→ Exercise data
=== Begin Enclosure ===

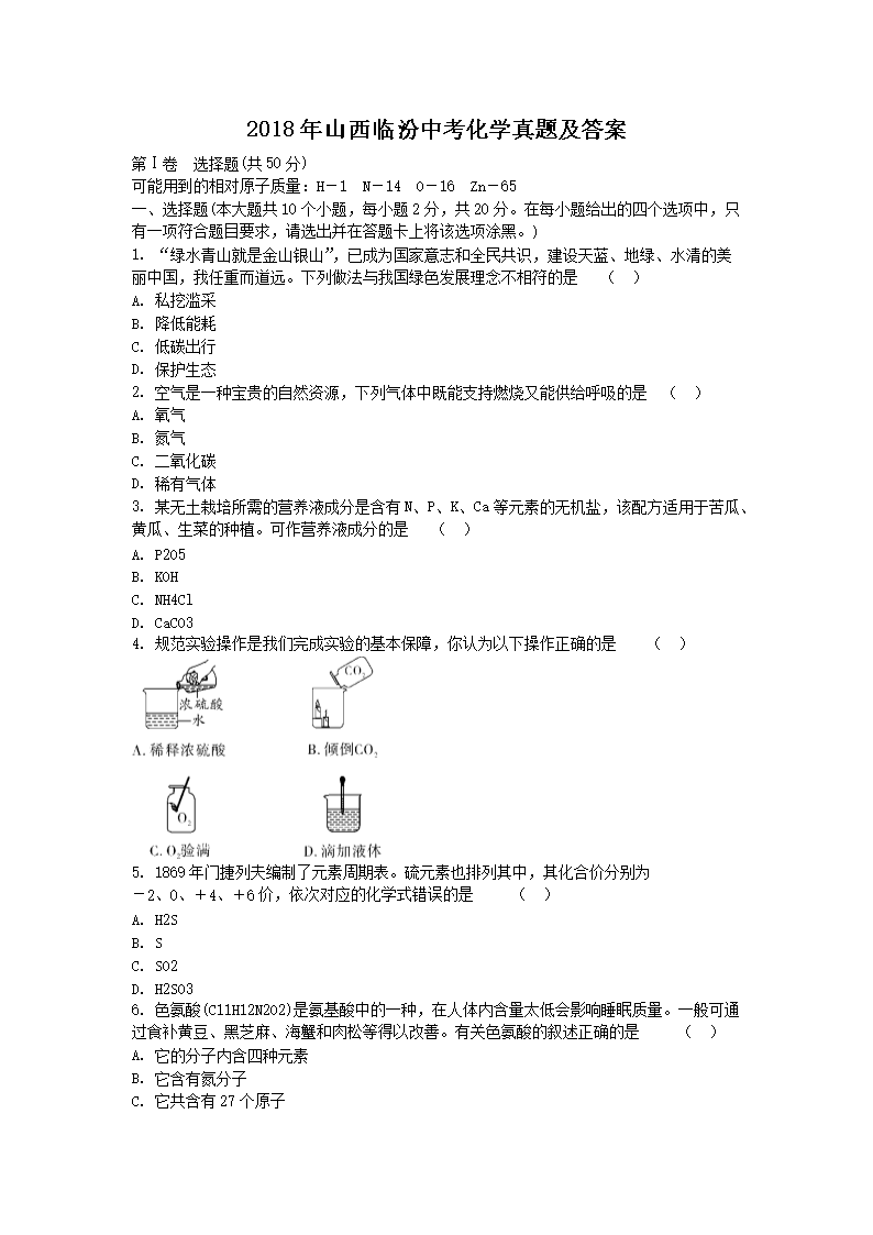 2018年山西临汾中考化学真题及答案(Word版)05-29
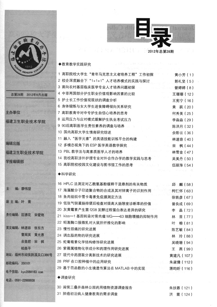 福建衛(wèi)生職業(yè)技術(shù)學(xué)院學(xué)報2012年總第二十八期 目錄
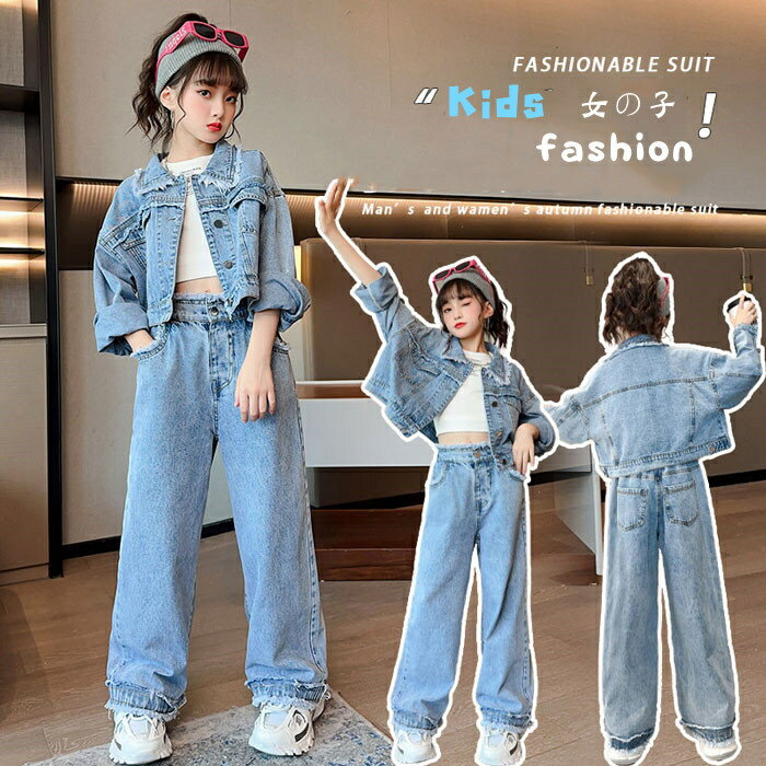 子供服 セットアップ 女の子 春秋 長袖 デニムセットアップ ジャケット ロングパンツ 上下セット 普通着 ジーンズ デニムパンツ デニムセット パンツセット 学生 カジュアル ジュニア服 体育祭 部屋着 普段着 通学着 小学生 中学生 おしゃれ 120/130/140/150/160/170cm

=== End Enclosure ===

→ What is being asked
What you give back must match the material above exactly, minus its pictures.

→ Result
 2018年山西临汾中考化学真题及答案(Word版)05-29
 福建衛(wèi)生職業(yè)技術(shù)學(xué)院學(xué)報2012年總第二十八期 目錄
 子供服 セットアップ 女の子 春秋 長袖 デニムセットアップ ジャケット ロングパンツ 上下セット 普通着 ジーンズ デニムパンツ デニムセット パンツセット 学生 カジュアル ジュニア服 体育祭 部屋着 普段着 通学着 小学生 中学生 おしゃれ 120/130/140/150/160/170cm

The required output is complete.